Today is the international day against Drug Abuse. One of the things about doing public health at the University of Cape Town is the visceral encounter of people on the street. A walk between my flat in Mowbray means crossing the highway and walking past a small shopping center and then turning into the MedSchool. Homeless people begging for money are often on the way. As you know, drug use and homelessness often go together, which causal relationships between the two resisting simplistic models.
This is where qualitative research comes in. It is telling people’s stories, essentially. And then one may ask, but these are just stories, they are not numbers or statistics of risk. But they are not fiction either – they are important.
To come to my own story. Here I bring in my own experience rather than hovering in some theoretical territory I am not even adept at. I invited a total stranger, a young man who asked me for money on street, into my flat yesterday afternoon. Why did I do this? He seemed young, in his teens, but he said he was 22. He seemed harmless and he was (my flatmate was home, which meant I did not need to fear). He seemed hungry and rather than just giving him some food, I asked him if he would like to eat lunch with me. It was heart wrenching for me, because he was a young man, who comes from a neighborhood where he knows someone his age with Tuberculosis. I am doing a paper on Tuberculosis in young people, but I have never met anyone who is actually at risk of this disease in Cape Town, that is to say a young person who could potentially have the disease. Most of the students here are far removed from the conditions of overcrowding and inadequate nutrition that promote the disease in those latentely infected (it is thought at least 50% of adolescents are latently infected with TB, but those who develop disease a subset – our study looks at the actual outcomes of TB treatment).
He was glad to have had a Sunday lunch.
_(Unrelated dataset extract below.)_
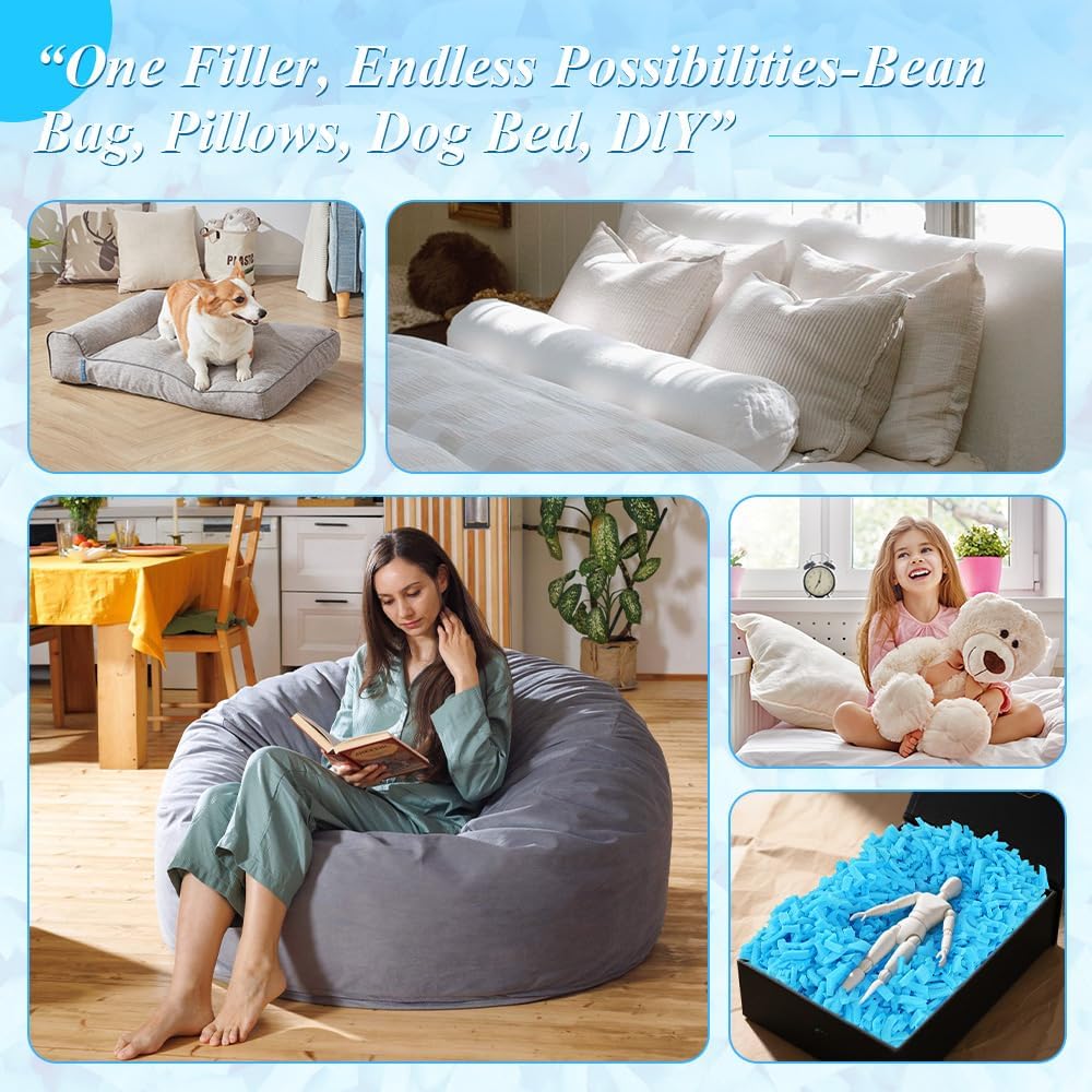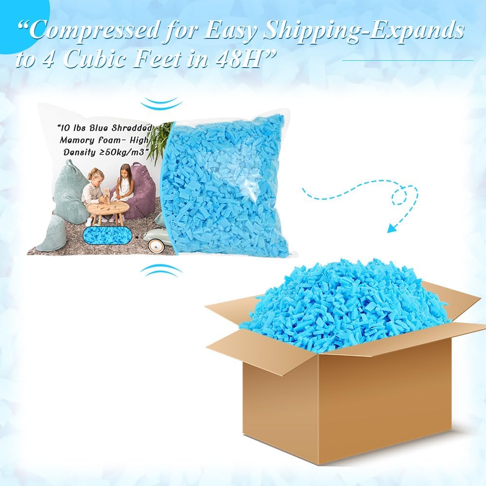 Bean Bag Filler - 20lbs Shredded Memory Foam Filling, High Density ≥3.12 lb/ft³, Blue Pillow Stuffing for Bean Bag Chair, Couch Cushion, Dog Bed, Stuffed Animals, DIY, Non-Toxic & Hypoallergenic

He was carrying his Qu’aran, but of course I did not ask why he was not fasting (as a Roman Catholic, my own belief is to refrain from any condescending judgement).
I began the conversation by telling him on the street that I had no intention of giving him money, only food. For this reason, we took a Cape Town taxi together – a true adventure for me given my fear of being robbed – to town. There, I gave him the cab fare he needed to go to Mitchell’s Plein – a marginalized community intended as a ghetto for colored people during apartheid which has become synonymous with urban decay – crime, drugs, deprivation – in Cape Town. This is not a history lesson, look up apartheid.
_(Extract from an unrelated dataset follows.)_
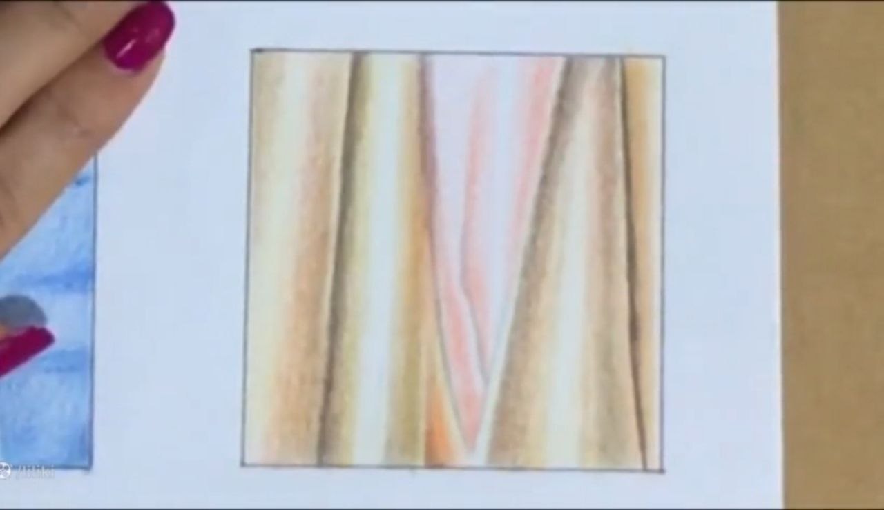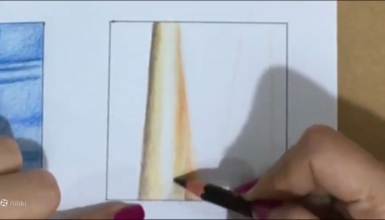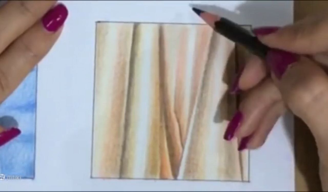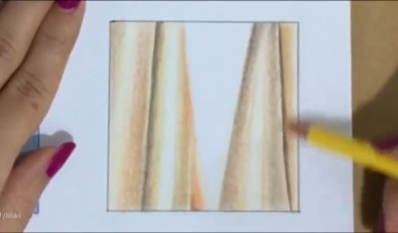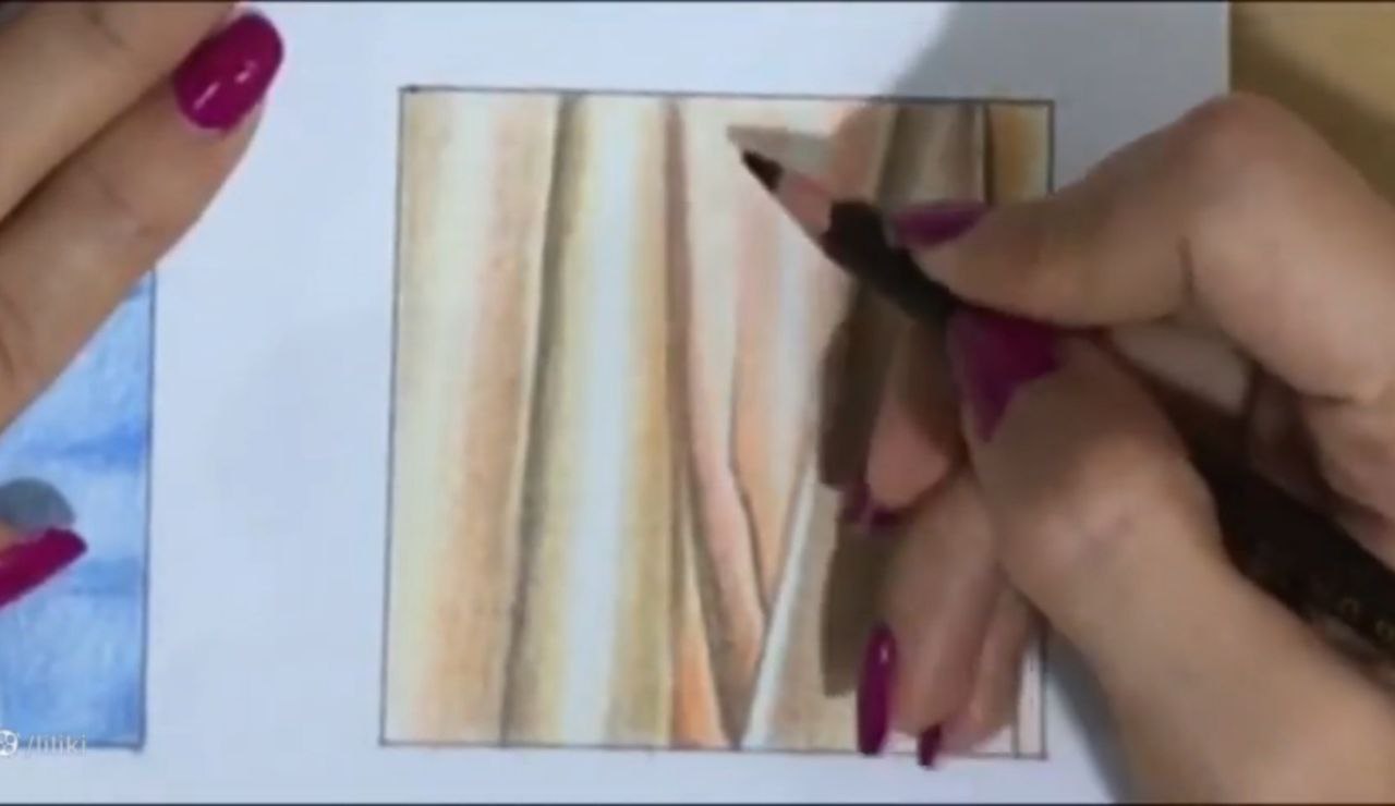 دوباره شماره ۵۹م رو دارم برمیدارم و از رنگش دارم استفاده میکنم یه مقداری روی اون تیرگیها این رنگ رو میزنیم مداد رو میخوابونیم خیلی کمرنگ چون میخوام اون هاله رنگ روشن روش باقی بمونه. از رنگ پوستم استفاده میکنم شماره ۱۶م روی تمام اون قسمتهایی که زده بودیم دوباره داریم تکرار میکنیم. میبینید من اینجا بین این تیرگی و این تیرگی شدید یه هاله روشنی قرار دادم و بعدش از زردم یه مقداری روش استفاده میکنیم. یه ذره اگر بیشتر بخوایم جزئیات اضافه کنیم که کارمون جذابتر بشه یه هالههای تیرگی من اینجوری میبینم بچهها؛ اگر میخواید صافِ خیلی صاف دربیارین میتونین از خطکش استفاده کنین ولی حواستون باشه که خیلی دیگه فشار دستتون زیاد نباشه از دستتون در نره.

I made a conscious choice to give him the equivalent of $1.25 for his cab fare. I did this, because I recall Andrew Scheibe, an epidemiologist and fellow queer researcher gave a talk on drug use and HIV in Cape Town during this fellowship, telling me that paternalistic solutions are not sustainable. Empowering the individual to make the choice is what matters. I told Zaheer that I hoped he continued his Islamic studies, which he hopes will lead to a career and to make sure he always has taxi fare to go home.
Thinking back, the experience was quite empowering for me, knowing that I am not dealing with zeros and ones in my data, but representations of the experiences of living (and some deceased) people.